For amazon hq2 hopefuls, seattle serves as cautionary tale – ktvz electricity and magnetism purcell


The dispute in Seattle has arisen from the rapid escalation in housing prices and a resulting surge in homelessness, due in no small part to the influx of highly paid workers employed by Amazon and other area tech companies. To help alleviate its shortage of affordable housing, several city council members proposed a 26-cent tax for each working hour at companies with more than $20 million in annual revenue — the largest impact of which would fall on Amazon, with its 45,000 local employees.

Although Amazon has taken some steps to help ease the city’s homelessness problem, such as donating space to shelter 200 homeless people in one of its new buildings and additional $40 million to a city-managed fund for affordable housing, the measure’s backers took Amazon’s move as an ominous sign.

"Obviously Amazon can afford to pay the 26 cents," says Seattle Councilmember Mike O’Brien, who supports the tax. "It’s really a question of, do they feel loved? And they’re offended. They’re like, ‘you don’t recognize all the good stuff we do in the community and we get blamed for all the bad stuff. We want to go somewhere that’s more generous to us, and we’re pissed.’"

In the shortlisted city of Dallas, for example, a 50,000-person outpost would make Amazon by far the city’s largest private-sector employer. The metro area is already expanding fast, having added 86,000 jobs in 2017, led by the energy and financial services industries. Housing prices have already been escalating rapidly, as builders struggle to keep up with a hot job market, and city council member Phil Kingston worries that pouring on more growth without proper planning could make life difficult for current residents.

To head off an even worse housing crunch, Kingston would like to see Amazon build a campus with space for both retail and housing, and invest its own money in affordable housing in other parts of the city. The company has been meeting with nonprofits in its potential HQ2 host cities to discuss how it could help avoid displacing longtime residents.

Barry Bluestone, a professor specializing in urban economic development at Northeastern University in Boston, cautions against imposing per-employee taxes like Seattle is proposing. Instead, he says, cities should rely on personal income and property taxes, which are less likely to repel businesses or keep them from growing.

"Seattle and Boston share a lot in common because we’ve been able to take advantage of new industries," Bluestone says. "The downside is, if you don’t build more housing, prices go through the roof. The answer is not to constrain demand, but increase the supply of housing."

In Boston, another Amazon HQ2 contender, Bluestone is pitching high-density developments aimed at millennials and empty-nesters who are downsizing. Large employers and educational institutions, he says, would then jointly hold the master lease to these buildings with the developers and sublease the units to employees or students. Absorbing those newer residents into apartment or condo buildings could take the pressure off the city’s older housing stock that’s more suitable for families.

But still, building low-income housing may never be profitable without subsidies, and extra tax revenue to finance it can be hard to find. Many cities, including Seattle and HQ2 hopefuls Dallas, Austin and Miami, are forbidden by state law from imposing any income taxes. Others have capped property or sales taxes.

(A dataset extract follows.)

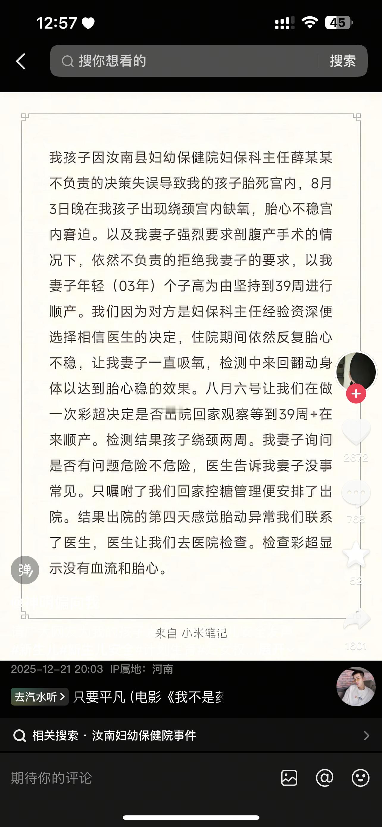 8月份发生的事03年孕妇快生产的时候胎死腹中有一张检查单发出来,有没有妇产医生看看这种情况是否是直接原因目前仅有当事人陈述,未见医院回应,先当个小作文看看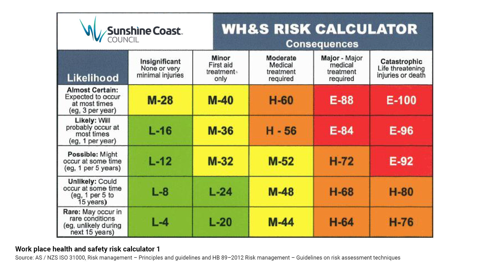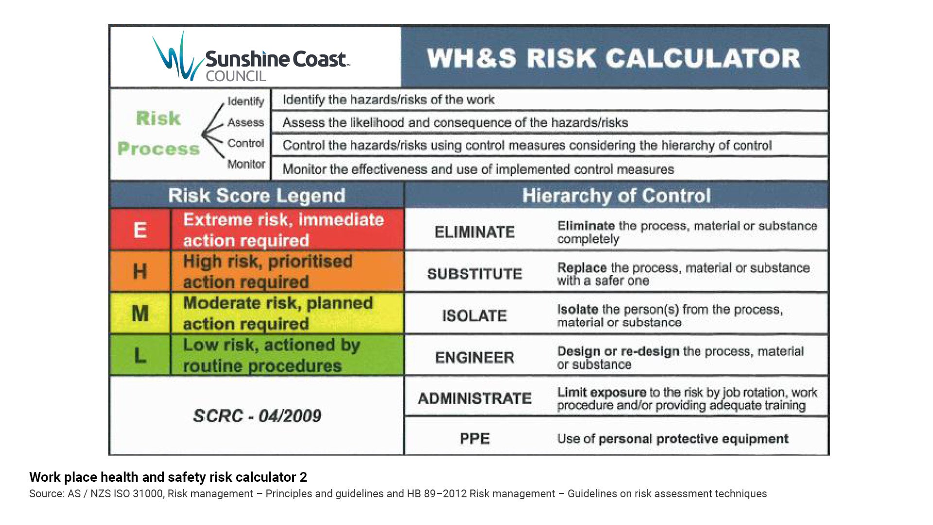 Figure 1: Work place health and safety risk calculator for further guidance.

That’s why some groups have taken the position that their cities shouldn’t be pursuing Amazon at all, whether it asks for tax breaks or not. Monica Kamen, co-director of the 60-organization Fair Budget Coalition in Washington, D.C., thinks the city should prioritize smaller businesses and community-based entrepreneurship instead.

That’s why some backers of the Seattle measure say it might not be a bad thing if Amazon sent some of its jobs elsewhere, as it’s already been doing. To Mike O’Brien, Seattle could slow down a bit and still have an incredibly healthy economy — maybe even one that allows other businesses to grow faster, if Amazon weren’t sucking up all the available tech talent and downtown office space.